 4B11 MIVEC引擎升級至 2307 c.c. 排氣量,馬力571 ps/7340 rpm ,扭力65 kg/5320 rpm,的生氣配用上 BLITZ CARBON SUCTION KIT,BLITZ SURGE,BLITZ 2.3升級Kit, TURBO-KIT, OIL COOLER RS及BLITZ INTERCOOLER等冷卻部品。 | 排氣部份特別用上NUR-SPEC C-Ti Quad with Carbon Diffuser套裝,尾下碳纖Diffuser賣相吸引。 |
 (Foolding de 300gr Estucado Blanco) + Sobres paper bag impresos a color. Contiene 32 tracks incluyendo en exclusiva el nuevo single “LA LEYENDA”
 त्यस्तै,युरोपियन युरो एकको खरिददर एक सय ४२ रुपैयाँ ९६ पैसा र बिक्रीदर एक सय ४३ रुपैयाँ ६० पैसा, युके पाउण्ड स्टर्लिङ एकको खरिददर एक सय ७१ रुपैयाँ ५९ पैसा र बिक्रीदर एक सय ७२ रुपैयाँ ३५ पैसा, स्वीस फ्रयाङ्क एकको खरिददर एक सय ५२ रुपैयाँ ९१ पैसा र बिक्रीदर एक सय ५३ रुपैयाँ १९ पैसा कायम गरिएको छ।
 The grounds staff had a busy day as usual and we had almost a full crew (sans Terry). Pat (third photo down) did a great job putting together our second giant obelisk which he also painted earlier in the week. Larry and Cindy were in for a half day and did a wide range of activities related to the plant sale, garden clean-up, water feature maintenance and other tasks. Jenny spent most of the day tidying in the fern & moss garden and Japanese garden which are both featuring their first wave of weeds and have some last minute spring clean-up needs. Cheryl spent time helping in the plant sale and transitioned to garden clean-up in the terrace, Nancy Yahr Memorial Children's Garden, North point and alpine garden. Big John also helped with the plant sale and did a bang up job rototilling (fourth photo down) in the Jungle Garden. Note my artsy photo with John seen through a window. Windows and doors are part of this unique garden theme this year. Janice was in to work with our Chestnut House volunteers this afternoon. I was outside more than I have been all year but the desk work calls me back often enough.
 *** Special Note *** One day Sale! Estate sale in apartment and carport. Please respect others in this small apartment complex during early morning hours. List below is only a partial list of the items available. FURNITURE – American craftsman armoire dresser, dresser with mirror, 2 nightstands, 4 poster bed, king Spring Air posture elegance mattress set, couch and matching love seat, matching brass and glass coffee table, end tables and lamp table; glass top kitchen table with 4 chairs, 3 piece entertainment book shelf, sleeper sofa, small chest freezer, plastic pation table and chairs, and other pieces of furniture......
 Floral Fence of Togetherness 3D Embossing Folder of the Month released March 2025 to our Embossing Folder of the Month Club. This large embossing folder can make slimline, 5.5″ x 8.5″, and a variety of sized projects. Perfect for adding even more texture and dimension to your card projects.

--

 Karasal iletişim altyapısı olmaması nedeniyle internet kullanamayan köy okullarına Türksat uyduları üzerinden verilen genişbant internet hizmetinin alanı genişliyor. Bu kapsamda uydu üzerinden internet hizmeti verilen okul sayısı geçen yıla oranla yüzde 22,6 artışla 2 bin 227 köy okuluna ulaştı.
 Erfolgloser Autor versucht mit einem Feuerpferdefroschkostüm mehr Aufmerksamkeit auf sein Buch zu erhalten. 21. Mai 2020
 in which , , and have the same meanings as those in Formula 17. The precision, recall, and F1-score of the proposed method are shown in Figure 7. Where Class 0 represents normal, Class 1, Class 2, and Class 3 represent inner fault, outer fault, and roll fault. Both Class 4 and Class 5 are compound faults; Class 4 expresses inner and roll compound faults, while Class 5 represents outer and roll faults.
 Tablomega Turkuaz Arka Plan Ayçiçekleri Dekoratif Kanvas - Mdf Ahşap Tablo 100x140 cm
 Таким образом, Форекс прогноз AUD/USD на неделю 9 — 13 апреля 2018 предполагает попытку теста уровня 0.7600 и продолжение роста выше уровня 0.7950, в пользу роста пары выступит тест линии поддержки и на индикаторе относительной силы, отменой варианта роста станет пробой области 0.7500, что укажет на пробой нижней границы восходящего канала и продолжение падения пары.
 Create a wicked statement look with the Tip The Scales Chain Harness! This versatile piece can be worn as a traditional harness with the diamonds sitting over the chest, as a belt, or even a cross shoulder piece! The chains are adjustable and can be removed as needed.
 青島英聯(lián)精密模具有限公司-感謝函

### Work item
Retype the entries above exactly, but only from the line containing "त्यस्तै,युरोपियन युरो एकको" through the line containing "The grounds staff", both included.

### Written response
 त्यस्तै,युरोपियन युरो एकको खरिददर एक सय ४२ रुपैयाँ ९६ पैसा र बिक्रीदर एक सय ४३ रुपैयाँ ६० पैसा, युके पाउण्ड स्टर्लिङ एकको खरिददर एक सय ७१ रुपैयाँ ५९ पैसा र बिक्रीदर एक सय ७२ रुपैयाँ ३५ पैसा, स्वीस फ्रयाङ्क एकको खरिददर एक सय ५२ रुपैयाँ ९१ पैसा र बिक्रीदर एक सय ५३ रुपैयाँ १९ पैसा कायम गरिएको छ।
 The grounds staff had a busy day as usual and we had almost a full crew (sans Terry). Pat (third photo down) did a great job putting together our second giant obelisk which he also painted earlier in the week. Larry and Cindy were in for a half day and did a wide range of activities related to the plant sale, garden clean-up, water feature maintenance and other tasks. Jenny spent most of the day tidying in the fern & moss garden and Japanese garden which are both featuring their first wave of weeds and have some last minute spring clean-up needs. Cheryl spent time helping in the plant sale and transitioned to garden clean-up in the terrace, Nancy Yahr Memorial Children's Garden, North point and alpine garden. Big John also helped with the plant sale and did a bang up job rototilling (fourth photo down) in the Jungle Garden. Note my artsy photo with John seen through a window. Windows and doors are part of this unique garden theme this year. Janice was in to work with our Chestnut House volunteers this afternoon. I was outside more than I have been all year but the desk work calls me back often enough.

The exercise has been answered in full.